**Given information:**
=== Begin Enclosure ===

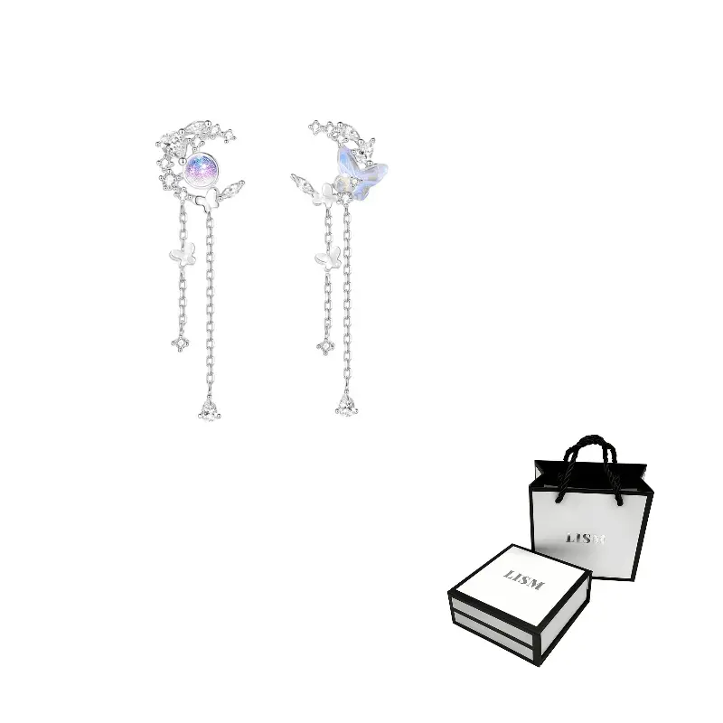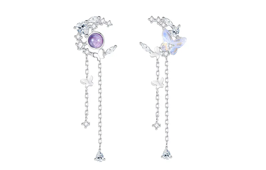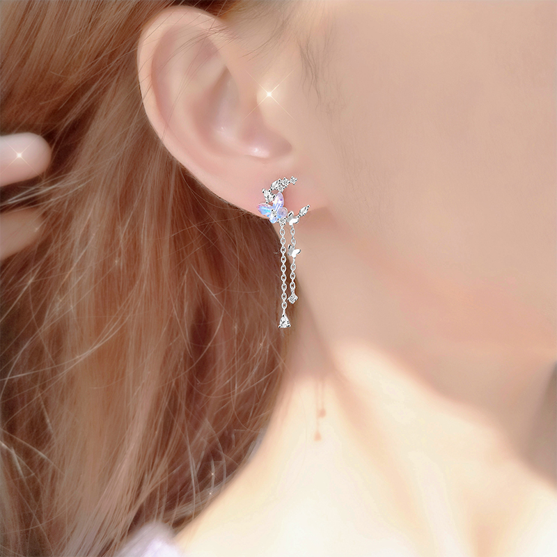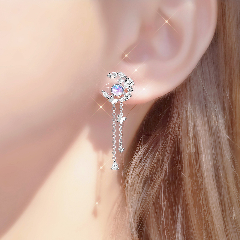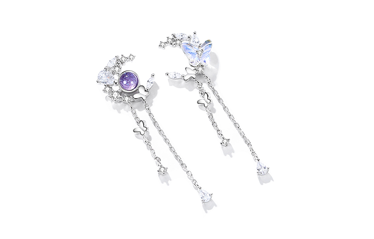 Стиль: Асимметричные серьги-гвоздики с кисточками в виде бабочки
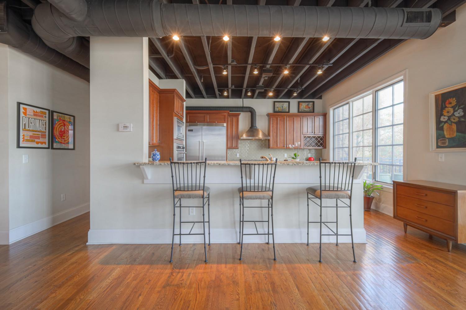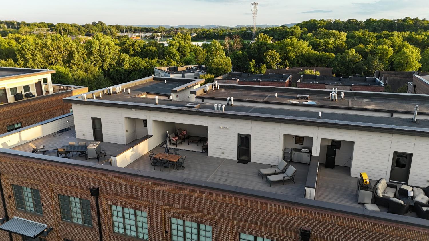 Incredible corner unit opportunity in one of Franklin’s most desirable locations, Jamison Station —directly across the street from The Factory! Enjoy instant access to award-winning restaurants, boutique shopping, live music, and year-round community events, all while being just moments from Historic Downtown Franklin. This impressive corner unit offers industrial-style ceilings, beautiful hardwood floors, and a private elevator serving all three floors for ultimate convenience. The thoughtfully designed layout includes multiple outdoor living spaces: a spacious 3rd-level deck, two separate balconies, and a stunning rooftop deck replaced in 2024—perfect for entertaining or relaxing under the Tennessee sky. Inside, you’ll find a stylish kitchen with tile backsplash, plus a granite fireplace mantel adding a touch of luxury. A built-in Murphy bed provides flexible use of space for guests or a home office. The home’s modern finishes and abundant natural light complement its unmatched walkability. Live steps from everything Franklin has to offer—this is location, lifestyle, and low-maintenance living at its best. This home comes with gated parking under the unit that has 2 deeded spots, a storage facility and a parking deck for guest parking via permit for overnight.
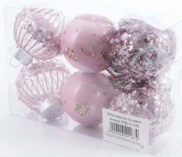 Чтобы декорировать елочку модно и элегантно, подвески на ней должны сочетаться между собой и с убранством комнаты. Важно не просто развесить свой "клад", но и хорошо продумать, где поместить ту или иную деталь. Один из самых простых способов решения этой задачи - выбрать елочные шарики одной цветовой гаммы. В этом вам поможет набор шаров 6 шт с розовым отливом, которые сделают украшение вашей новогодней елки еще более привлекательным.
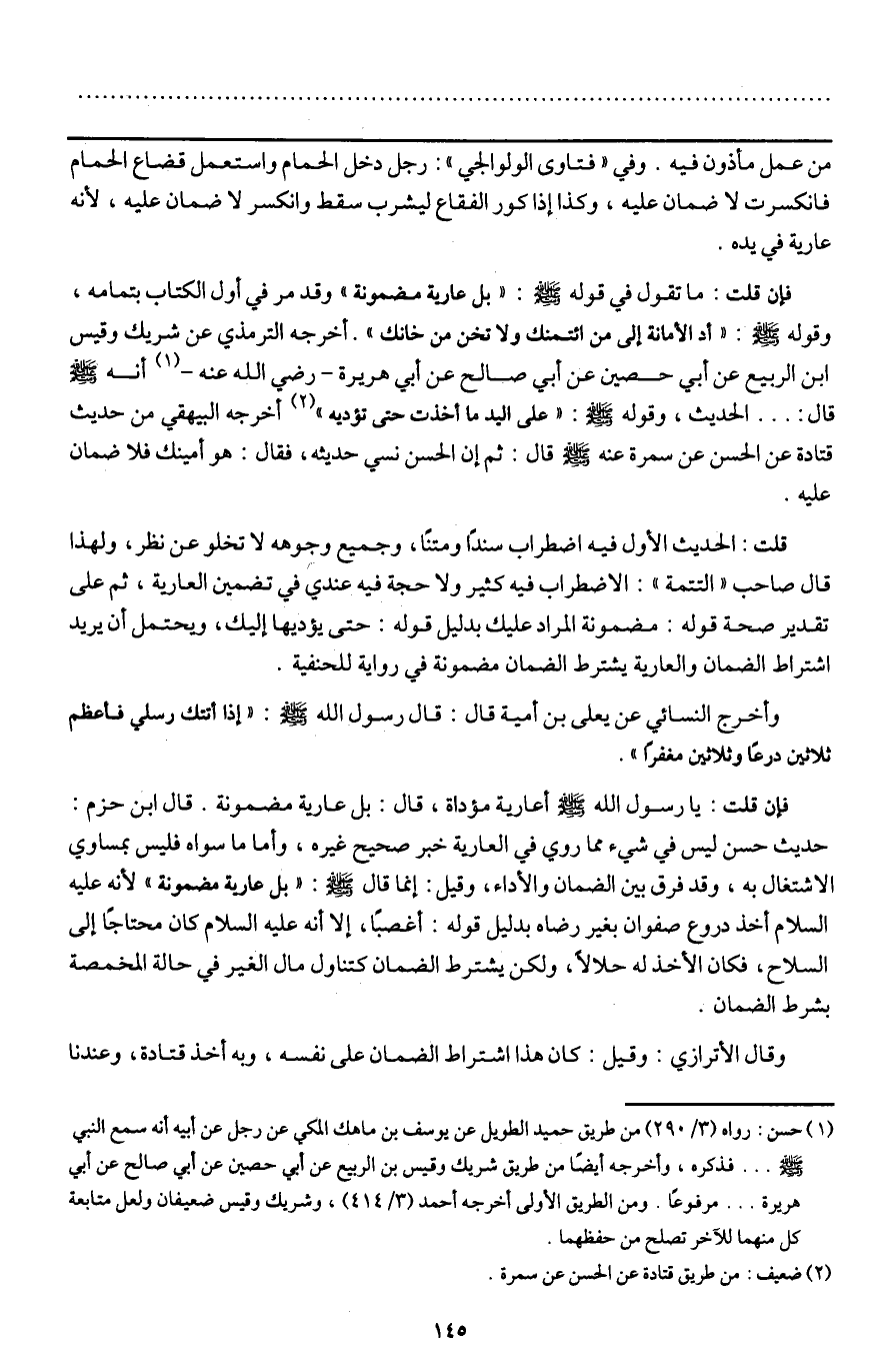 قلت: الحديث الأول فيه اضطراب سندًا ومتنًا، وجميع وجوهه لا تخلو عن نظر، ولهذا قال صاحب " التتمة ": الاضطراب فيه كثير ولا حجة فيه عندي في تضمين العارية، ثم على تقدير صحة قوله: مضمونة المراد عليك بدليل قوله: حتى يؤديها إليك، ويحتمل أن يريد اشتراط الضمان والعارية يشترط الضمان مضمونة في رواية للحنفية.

=== End Enclosure ===

**Exercise:**
Exact reproduction is required for the lines from the one containing "Чтобы декорировать елочку" through the end of the material, and for those lines only, without pictures.

**Response box:**
 Чтобы декорировать елочку модно и элегантно, подвески на ней должны сочетаться между собой и с убранством комнаты. Важно не просто развесить свой "клад", но и хорошо продумать, где поместить ту или иную деталь. Один из самых простых способов решения этой задачи - выбрать елочные шарики одной цветовой гаммы. В этом вам поможет набор шаров 6 шт с розовым отливом, которые сделают украшение вашей новогодней елки еще более привлекательным.
 قلت: الحديث الأول فيه اضطراب سندًا ومتنًا، وجميع وجوهه لا تخلو عن نظر، ولهذا قال صاحب " التتمة ": الاضطراب فيه كثير ولا حجة فيه عندي في تضمين العارية، ثم على تقدير صحة قوله: مضمونة المراد عليك بدليل قوله: حتى يؤديها إليك، ويحتمل أن يريد اشتراط الضمان والعارية يشترط الضمان مضمونة في رواية للحنفية.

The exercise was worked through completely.